Мы пробуем еще несколько раз, назад и вперед, Такер задает ритм движению моих рук. Это действует гипнотически, медленно назад, пауза, вперед, снова и снова. Я расслабляюсь рядом с Такером, почти полностью оперевшись на него, пока мы забрасываем леску и ждем, когда на нее отреагирует рыба.

- Готова попробовать сама? – спрашивает он через некоторое время. Есть соблазн сказать нет, но я не могу придумать ни одной достойной причины. Я киваю. Он отпускает мои руки и отодвигается от меня, обратно к берегу, где он оставил свою удочку.

- Ты думаешь, что я красивая?

- Нам лучше перестать говорить, - говорит он немного хрипло. – Распугаем всю рыбу.

- Хорошо, хорошо, - я кусаю губу, а потом улыбаюсь.

Некоторое время мы рыбачим в тишине, единственный шум производит река и колышущиеся деревья. Такер ловит и отпускает трех рыб. Он показывает мне лосося Кларка, с алыми пятнышками около жабр. Я же, напротив, не получила ничего, кроме откусанной наживки, прежде чем мне пришлось выйти из холодной воды. Я села на берегу и попыталась вернуть чувствительность своим ногам. Придется признать – из меня никудышная рыбачка.

Я знаю, что это прозвучит странно, но это к лучшему. Мне понравилось в первый раз не преуспеть в чем-то. Мне понравилось наблюдать, как ловит рыбу Такер, то, как его глаза сканируют свет и тени, и течение, то, как он забрасывает леску в воду совершенным, грациозным движением. Словно он говорит с рекой. Это так умиротворяющее.

И Такер считает, что я красивая.

 

Позже я тащу старую добрую спортивную сумку на задний двор и пробую то же самое еще раз. Вернись к реальности, напоминаю я себе. Помни об обязанностях. Мама сидит за компьютером в своем кабинете и пьет чай, так, как обычно делает, пытаясь избавиться от стресса. Она дома всего один день и уже снова выглядит уставшей.

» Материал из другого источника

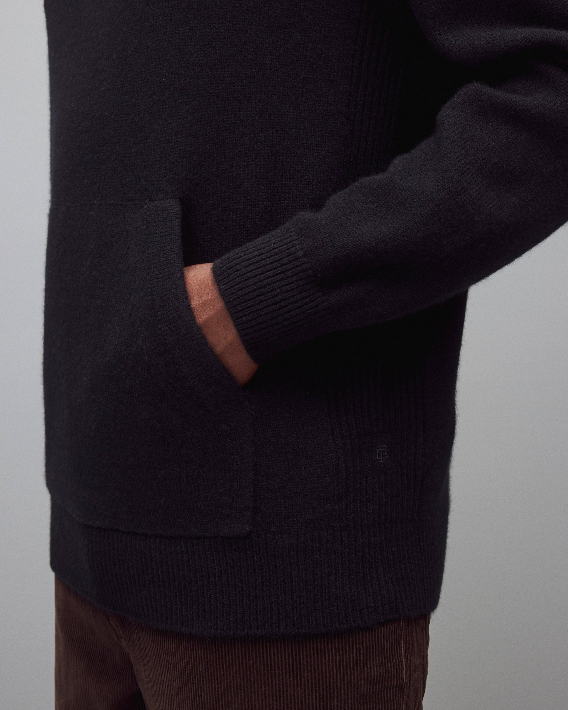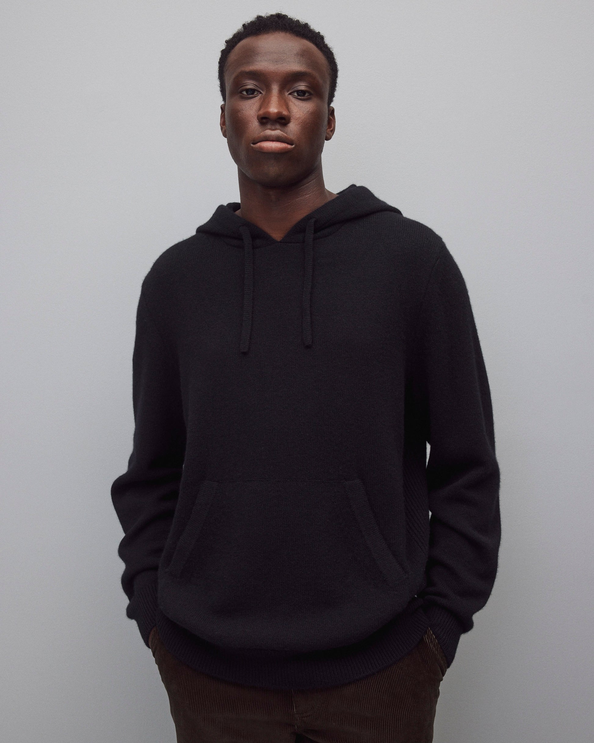 This hooded sweater is knit from the finest cashmere, prized for its natural warmth and ultrasoft hand. Cut in a standard fit with fully fashioned seams, and finished with a drawstring rib hood, cuffs, and hem. Rib side gussets and lycra-blended trim enhance shape retention and durability.

Я расправляю руки и крылья. Закрываю глаза. Легкость, наставляю я себя. Будь легкой. Стань частью ночи, деревьев, ветра. Я стараюсь представить лицо Кристиана, но внезапно оказывается, что оно стало нечетким для меня. Я пробую вызвать в воображении взгляд его глаз, всполох зеленого и золотого, но не могу сделать и этого.

Вместо этого перед мысленным взором появляются изображения Такера. Его губы, мазок алого, когда мы наклоняемся, наполняя пустые стаканчики из-под мороженного черникой на горном склоне. Его хриплый смех. Его руки на моей талии, когда он старается удержать меня от падения на реке, прижимая меня ближе. Его глаза, такие голубые и теплые, словно притягивающие меня.

- Черт, - прошептала я.

Я открываю глаза. Я стала настолько легкой, что только кончики пальцев моих ног касаются земли. Я плыву по воздуху.

Нет, думаю я. Это неправильно. Это Кристиан должен заставлять меня чувствовать себя так. Я здесь ради Кристиана Прескотта. Черт!

Мысли тянут меня вниз, и я снова оседаю на землю. Но не могу выкинуть из головы Такера. Я снова и снова прокручиваю в голове те моменты, которые мы с ним разделили.

- Что ты нашла в таком парне, как Кристиан Прескотт? – спросил он той ночью, когда привез меня с танцев. Но на самом деле он словно говорил мне: «Почему ты не замечаешь меня?», громко и отчетливо, но я была слишком слепа, чтобы заметить.

Я узнаю это чувство.

Возьми себя в руки, говорю я себе. Лети уже, наконец-то.

Я плотнее обхватываю спортивную сумку. Поднимаю крылья и расправляю их по направлению к небу. Я отталкиваюсь, задействуя все свои мышцы, всю силу, которую набрала за месяцы и месяцы тренировок. Мое тело продвигается на несколько футов, и я пытаюсь удержать сумку.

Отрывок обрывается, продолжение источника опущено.